Apollo 18

I will probably see this movie, even though I have some nagging questions about the idea of this as a "found" film.

My main question is, since this was mankind's last mission to the moon, and if the film footage was left behind, who found it?

If the incidents that occured were transmitted to earth, recorded, and this particular mission was a secret, why was it left laying around to be found?

Regardless who had found the "footage" or where, how is it being allowed to be distributed in this manner?

This "found footage" premise is pretty weak, even for a science fiction film.
 
I don't plan to see this, I'm just too well versed in Apollo to enjoy
the concept and would likely be thinking BS every two seconds to enjoy it at all. LOL Plus that era of astronauts are heroes for me, so even watching fictional ones become mince meat wouldn't be fun.
I'd rather have a film about an actual Apollo mission. Boring for most I know.

I want all their mock ups though!

Give me the LEM.
 
I've never enjoyed horror films or scary suspense genre movies, because I'm a big scaredy cat, but I am itching to see this one and I'll tell you why.

I may someday swim in the ocean, or fall off a boat.
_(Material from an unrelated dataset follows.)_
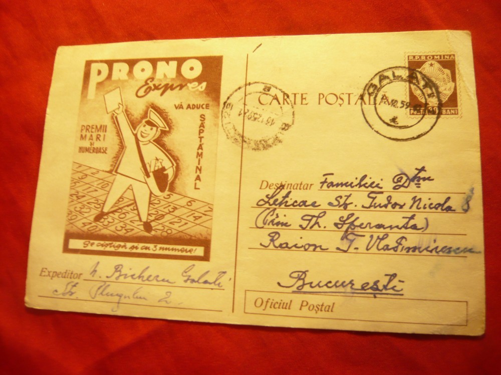 Carte Postala Ilustrata - Prono-Expres circulat 1959

I may someday want to rent a cabin in secluded wooded area by a lake, or my car could break down in such a place. I may rent an apartment in a rundown building, or somehow survive a horrible apocalyptic catastrophe, but I can be fairly confident at this stage in my life that I will NEVER have to go to the moon.
 
My dad was born in 1935 and lived his entire life without seeing the Red Sox win a World Series. But they finally did it. So I'm confident I'm not going to make it, but my son is going to take my picture with him when he sees the surface of the moon from the inside of a spacesuit.
 
I'm looking forward to it just for the fact that it looks like they put some effort into making it all look right. Though i think it would be kind of neat if it turned out not to be found footage but shown through the eyes of a controller on earth watching it on a screen in first person as it happened. still I have to see it as the Apollo program was the last real big challenge Nasa had.
 
How can they explain a Saturn V launch not being noticed??? LOL

Doh, there I go. Stop it, stop it, stop it.
 
I can see in 1973, where there's no Internet, Twitter, or YouTube, that the government pulls some PR stunt on the Cape at the same time they launch Apollo 18 from Vandenberg. Norad and the media are in on it (pre-Watergate) and when the Russians make a stir about the launch, they just deny everything and everyone goes back to The Mary Tyler Moore Show.
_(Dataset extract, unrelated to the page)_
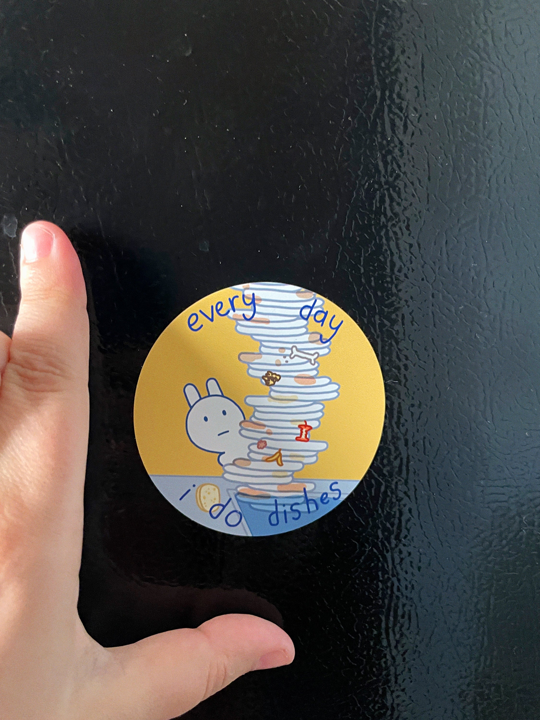 Very cute, looks just like the pics. I put this on my dishwasher to remind me of my plight.

Can solve all this with three lines of dialogue... although I admit based on the trailers I may be giving the flick too much credit. :lol
 
Quite like the look of it. Docu-style is the only way to go for a 70s moon landing story, so the found footage thing is a total plus here.
 
Actually, there's been several more than that.

Blair Witch
Paranormal Activity
Paranormal Activity 2
Cloverfield
Diary of the Dead
The Last Exorcism
Quarantine
The Ritual
Alien Abduction: Incident in Lake County

And a few more foreign films.

The Blair Witch is probably the only one that was marketed well enough and covered up enough to make people think that it might actually be real. That was probably what made it the most fun and original of all them.

Good list but you left out one of the first shakey cam/real event films. On paper Blair Witch is considered the pioneer of it, but "The Last Broadcast" is what Blair Witch loosely got the idea from.
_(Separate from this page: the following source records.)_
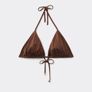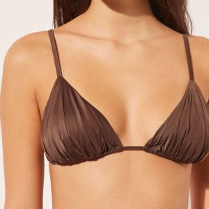 Removable Padding Triangle Swimsuit Top Shiny Satin
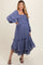 Blue Smocked Ruffle Long Sleeve Maternity Midi Dress
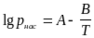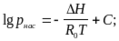 где pнас – давление насыщенного пара испаряемого материала, Па; T - температура материала, К; H - энтальпия газа (г) и жидкости (ж), ккал/кмоль; V-объем газа (г) и жидкости (ж), м3 (Vг>>Vж); H-теплота испарения, ккал/кмоль.

Plus Ill add to the mix [REC] & [REC]2, Cannibal Holocaust
 
How can they explain a Saturn V launch not being noticed??? LOL

Doh, there I go. Stop it, stop it, stop it.

Well figure people aren't allowed within about 3 miles of the launchpad anyway. If they close off the media/VIP watching box and the beach that the public comes to watch it; and then do it in the middle of the night, it might be possible for it to be far enough away that you can pass it off as a Titan carrying up a satallite or something.
 
Well, it only has a 5 mil budget. MOON did 10 mil in 23 weeks on 250 screens, and that was pretty art-house for what it was. This looks like one of those "My first choice was sold out, what else is playing?" things. And I'm with Cessna; give me the LEM!
 
I want the soviet lander and spacesuit. With a 5 million budget it should be easy to make that back.